Domestic team information
- 2000–2012: Denmark

Career statistics
| Competition | List A | Twenty20 |
| Matches | 23 | 8 |
| Runs scored | 133 | 17 |
| Batting average | 8.31 | 4.25 |
| 100s/50s | 0/0 | 0/0 |
| Top score | 31 | 7 |
| Balls bowled | 920 | 186 |
| Wickets | 22 | 8 |
| Bowling average | 32.59 | 27.25 |
| 5 wickets in innings | 0 | 0 |
| 10 wickets in match | 0 | 0 |
| Best bowling | 4/38 | 3/19 |
| Catches/stumpings | 5/– | 1/– |
- Source: Cricinfo, 25 March 2012

= Bobby Chawla =

Danish cricketer (born 1982)

Ajay Bobby Chawla (born 2 December 1982) is a Danish cricketer. He is a right-handed batsman who bowls leg break.

== Career ==
Born in Frederiksberg, Chawla began playing cricket at age 9. He represented Denmark at the under-19 level, Chawla made his full debut for Denmark in a List A match against the Durham Cricket Board in the English domestic one-day tournament, the 2000 NatWest Trophy. In that same year, he played in the European Championships in Scotland. The following year, he played for Denmark in the 2001 ICC Trophy in Canada, making six appearances. In August 2001, he played his second List A match, against Suffolk in the 1st round of the 2002 Cheltenham & Gloucester Trophy, which was played in 2001 to avoid fixture congestion. A further List A appearance came the following year in the 1st round of the 2003 Cheltenham & Gloucester Trophy against the Leicestershire Cricket Board, played to the same arrangement as the previous season's fixture. Two further appearances in that format followed, in the 2004 Cheltenham & Gloucester Trophy against Wales Minor Counties and in the 2005 Cheltenham & Gloucester Trophy against Northamptonshire at Svanholm Park, Brøndby. This was Denmark's last appearance in English domestic one-day cricket, with all their prior results having been mostly heavy defeats.
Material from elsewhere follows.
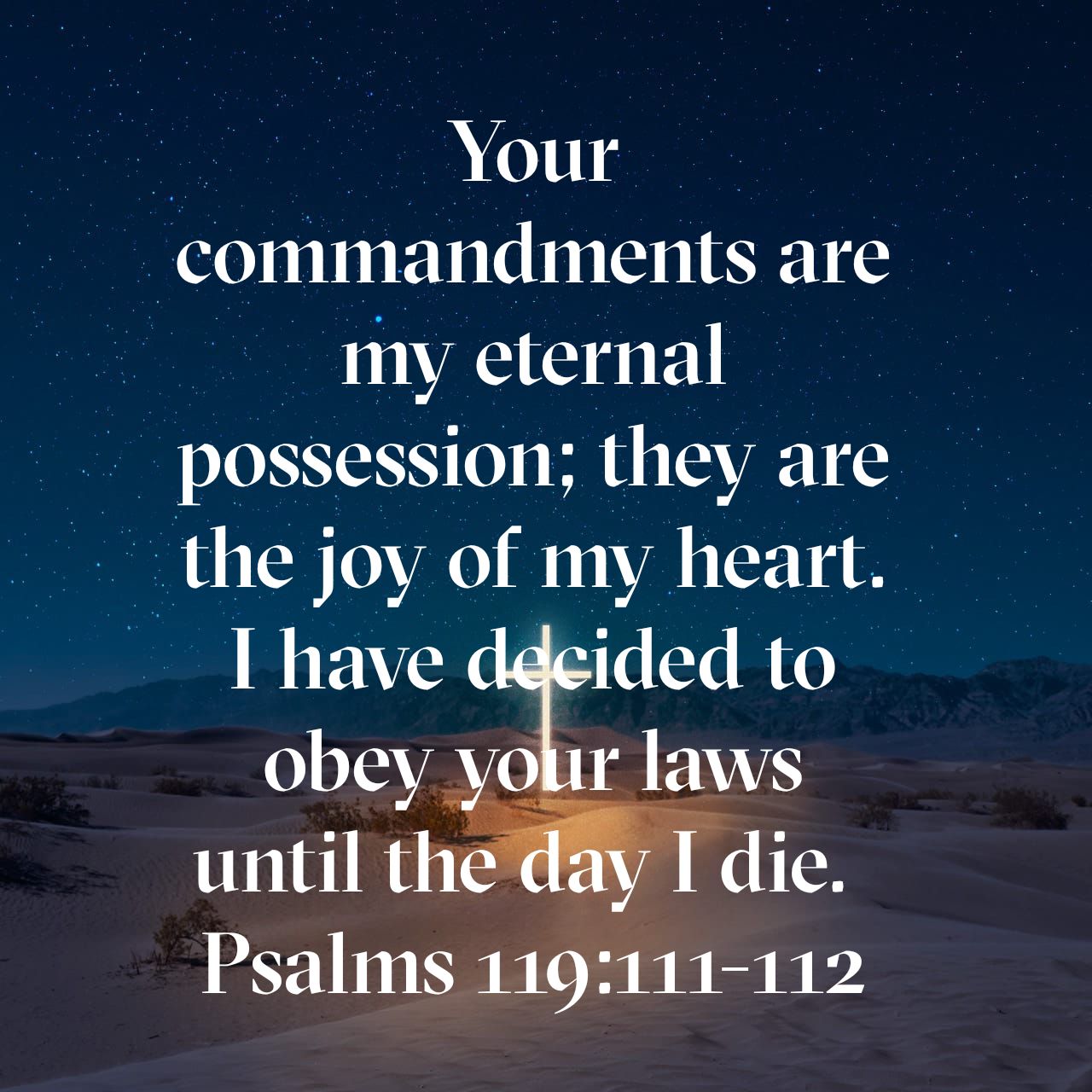 105 주의 말씀은 내 발에 등이요, 내 길에 빛이니이다. 106 주의 의로운 규례들을 지키기로 맹세하고 굳게 정하였나이다. 107 나의 고난이 매우 심하오니 여호와여 주의 말씀대로 나를 살아나게 하소서. 108 여호와여 구하오니, 내 입이 드리는 자원제물을 받으시고 주의 공의를 내게 가르치소서. 109 나의 생명이 항상 위기에 있사오나 나는 주의 법을 잊지 아니하나이다. 110 악인들이 나를 해하려고 올무를 놓았사오나 나는 주의 법도들에서 떠나지 아니하였나이다. 111 주의 증거들로 내가 영원히 나의 기업을 삼았사오니 이는 내 마음의 즐거움이 됨이니이다. 112 내가 주의 율례들을 영원히 행하려고 내 마음을 기울였나이다.

Also in 2005, Chawla appeared in his second and final ICC Trophy, which was held in Ireland. The International Cricket Council afforded List A status to these matches, with Chawla making seven appearances during the tournament, taking 9 wickets at an average of 23.22, with best figures of 3/42. Later in 2007, Chawla was selected as part of Denmark's squad for the World Cricket League Division Two in Namibia. Chawla made a further four List A appearances during the tournament, taking 10 wickets at an average of 15.20, with best figures of 4/38. Two years later, he was selected as part of Denmark's squad for the World Cup Qualifier in South Africa, where he made seven List A appearances, including his final appearance to date in that format, against Oman. He struggled with the ball during the tournament, taking just 2 wickets at an expensive average of 115.00.
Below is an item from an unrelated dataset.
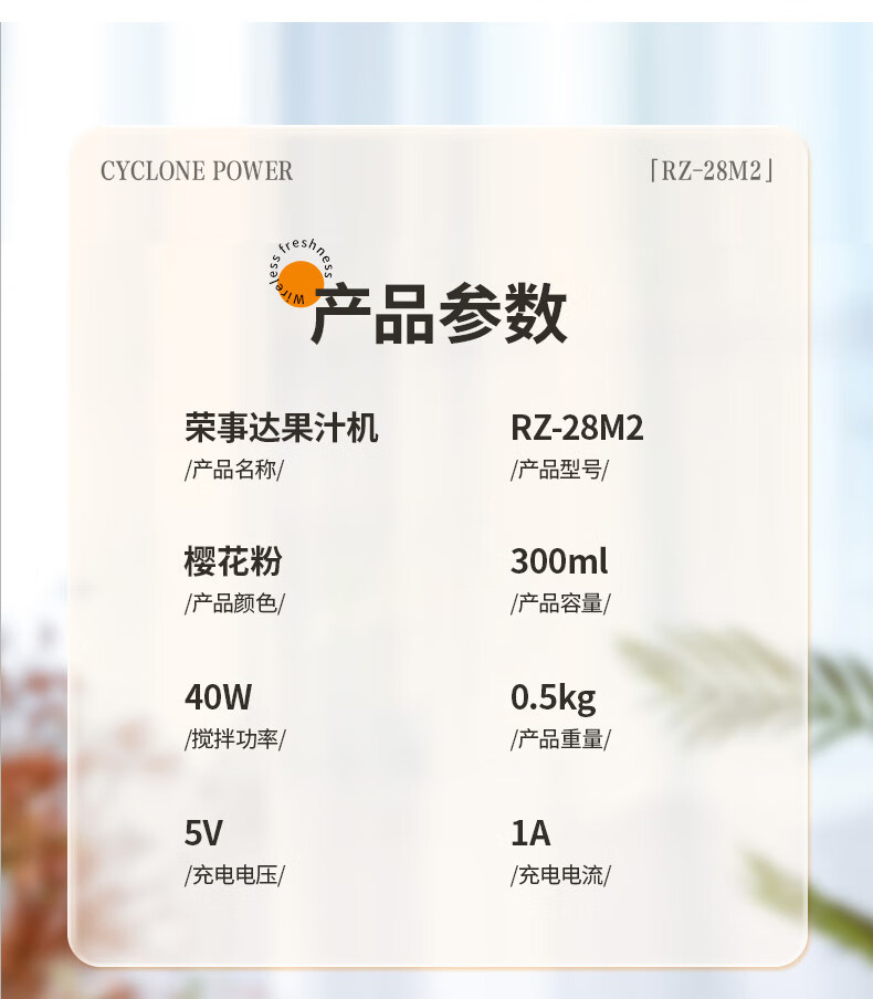 商品名称:荣事达便携旅行套装(电热水杯+榨汁杯)

In 2011, Chawla was selected in Denmark's squad for the 2011 ICC World Cricket League Division Three tournament in Hong Kong, making four appearances. In March 2012, Denmark took part in the World Twenty20 Qualifier in the United Arab Emirates, with Chawla selected in their fourteen-man squad. Chawla made his Twenty20 debut during the tournament against Bermuda at the Sharjah Cricket Association Stadium. He made six further appearances during the competition, the last of which came against Oman, taking 6 wickets during the tournament, at an average of 20.33 and with best figures of 3/19. In August 2012, he was selected in Denmark's fourteen-man squad for the World Cricket League Division Four in Malaysia.

Outside of cricket, Chawla works as a banker.